**EXTRACTED INFORMATION**
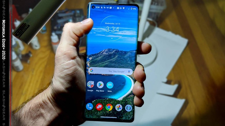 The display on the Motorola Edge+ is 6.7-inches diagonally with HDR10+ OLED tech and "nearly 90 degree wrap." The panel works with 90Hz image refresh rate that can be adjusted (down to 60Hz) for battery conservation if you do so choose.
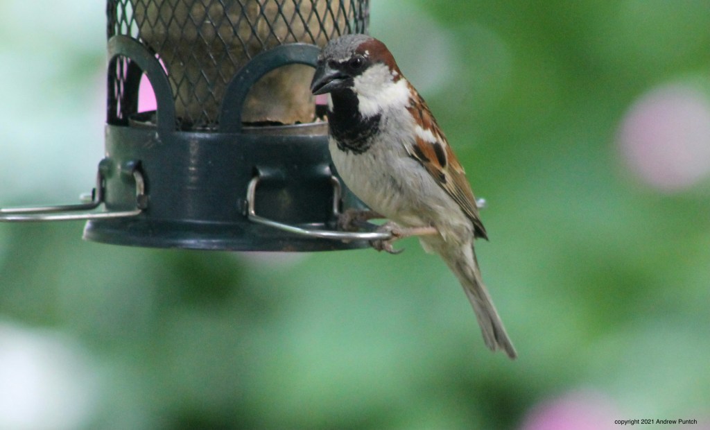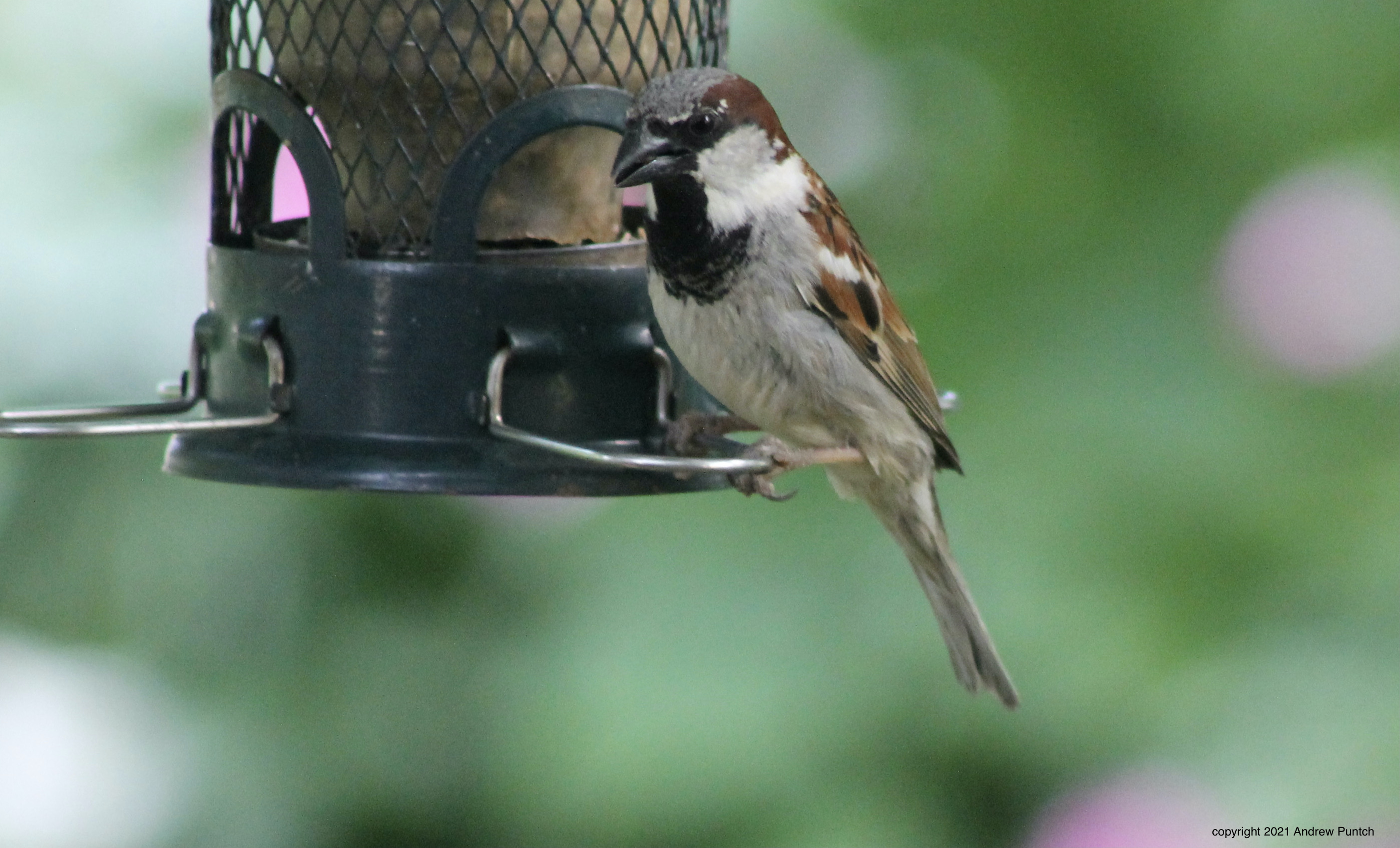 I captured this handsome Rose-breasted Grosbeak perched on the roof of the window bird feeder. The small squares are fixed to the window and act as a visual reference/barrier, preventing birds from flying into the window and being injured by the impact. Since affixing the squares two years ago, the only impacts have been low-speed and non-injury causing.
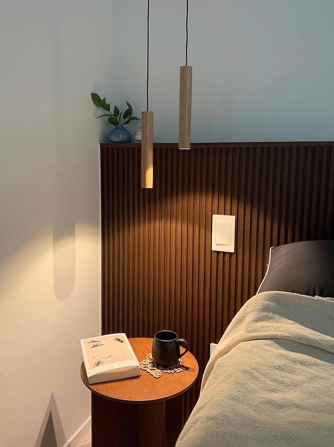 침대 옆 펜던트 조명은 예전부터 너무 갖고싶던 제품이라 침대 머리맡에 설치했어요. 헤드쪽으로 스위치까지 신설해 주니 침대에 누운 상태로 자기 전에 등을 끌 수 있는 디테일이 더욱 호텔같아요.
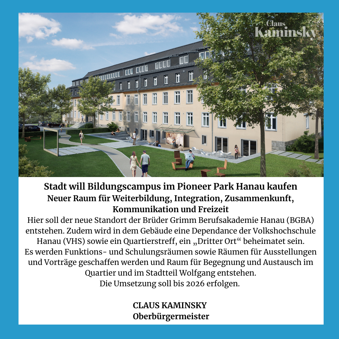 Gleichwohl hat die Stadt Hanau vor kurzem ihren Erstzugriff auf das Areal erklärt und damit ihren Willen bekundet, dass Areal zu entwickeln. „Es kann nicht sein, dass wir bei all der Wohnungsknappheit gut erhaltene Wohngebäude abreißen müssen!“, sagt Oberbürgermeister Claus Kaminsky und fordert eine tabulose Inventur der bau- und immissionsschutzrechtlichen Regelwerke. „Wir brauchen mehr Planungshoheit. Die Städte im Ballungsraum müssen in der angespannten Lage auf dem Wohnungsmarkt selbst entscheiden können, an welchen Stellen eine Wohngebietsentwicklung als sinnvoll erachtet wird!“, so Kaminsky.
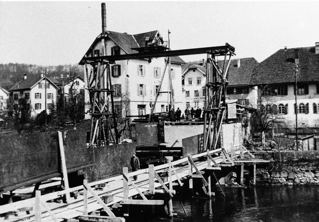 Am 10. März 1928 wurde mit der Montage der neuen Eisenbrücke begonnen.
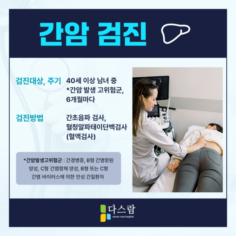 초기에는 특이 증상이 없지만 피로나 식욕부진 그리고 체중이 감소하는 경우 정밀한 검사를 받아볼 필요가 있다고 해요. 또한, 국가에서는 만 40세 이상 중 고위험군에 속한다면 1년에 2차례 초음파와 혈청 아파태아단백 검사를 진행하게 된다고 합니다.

**TASK ITEM**
Only lines belong in the copy, not pictures: write out exactly the lines of the records from the first through the one holding "침대 옆 펜던트 조명은".

**WRITTEN SOLUTION**
 The display on the Motorola Edge+ is 6.7-inches diagonally with HDR10+ OLED tech and "nearly 90 degree wrap." The panel works with 90Hz image refresh rate that can be adjusted (down to 60Hz) for battery conservation if you do so choose.
 I captured this handsome Rose-breasted Grosbeak perched on the roof of the window bird feeder. The small squares are fixed to the window and act as a visual reference/barrier, preventing birds from flying into the window and being injured by the impact. Since affixing the squares two years ago, the only impacts have been low-speed and non-injury causing.
 침대 옆 펜던트 조명은 예전부터 너무 갖고싶던 제품이라 침대 머리맡에 설치했어요. 헤드쪽으로 스위치까지 신설해 주니 침대에 누운 상태로 자기 전에 등을 끌 수 있는 디테일이 더욱 호텔같아요.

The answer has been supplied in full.